I am trying to speed up my calculation times by using Parallel.For
. I have an Intel Core i7 Q840 CPU with 8 cores, but I only manage to get a performance ratio of 4 compared to a sequential for
loop. Is this as good as it can get with Parallel.For
, or can the method call be fine-tuned to increase performance?
Here is my test code, sequential:
var loops = 200;
var perloop = 10000000;
var sum = 0.0;
for (var k = 0; k < loops; ++k)
{
var sumk = 0.0;
for (var i = 0; i < perloop; ++i) sumk += (1.0 / i) * i;
sum += sumk;
}
and parallel:
sum = 0.0;
Parallel.For(0, loops,
k =>
{
var sumk = 0.0;
for (var i = 0; i < perloop; ++i) sumk += (1.0 / i) * i;
sum += sumk;
});
The loop that I am parallelizing involves computation with a "globally" defined variable, sum
, but this should only amount to a tiny, tiny fraction of the total time within the parallelized loop.
In Release build ("optimize code" flag set) the sequential for
loop takes 33.7 s on my computer, whereas the Parallel.For
loop takes 8.4 s, a performance ratio of only 4.0.
In the Task Manager, I can see that the CPU utilization is 10-11% during the sequential calculation, whereas it is only 70% during the parallel calculation. I have tried to explicitly set
ParallelOptions.MaxDegreesOfParallelism = Environment.ProcessorCount
but to no avail. It is not clear to me why not all CPU power is assigned to the parallel calculation?

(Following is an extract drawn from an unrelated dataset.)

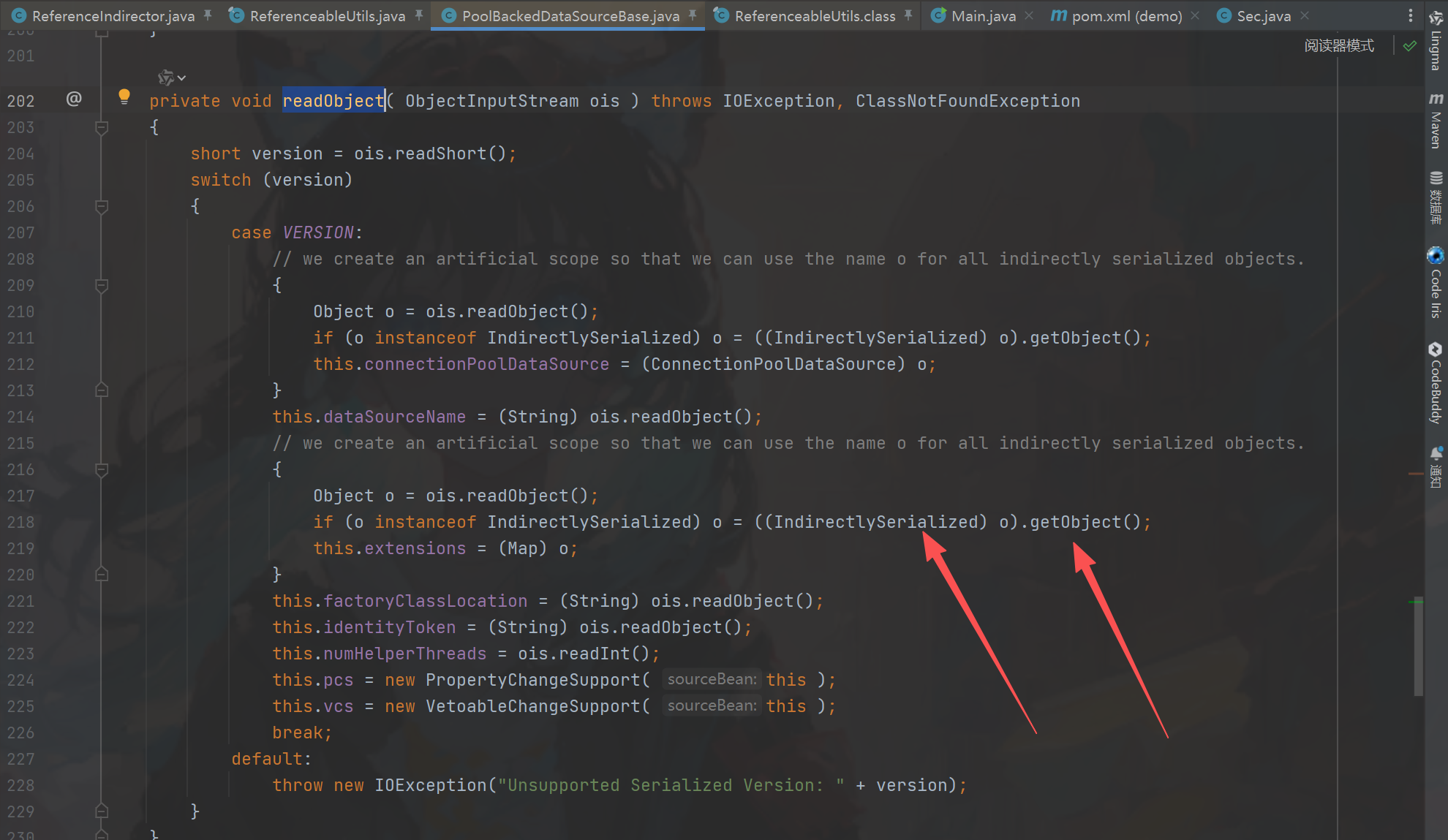 PoolBackedDataSourceBase#readObject图一,其中可以看到会调用任意的getObject(),但是必须得实现了

I have noticed that a similar question has been raised on SO before, with an even more disappointing result. However, that question also involved inferior parallelization in a third-party library. My primary concern is parallelization of basic operations in the core libraries.
UPDATE
It was pointed out to me in some of the comments that the CPU I am using only has 4 physical cores, which is visible to the system as 8 cores if hyper threading is enabled. For the sake of it, I disabled hyper-threading and re-benchmarked.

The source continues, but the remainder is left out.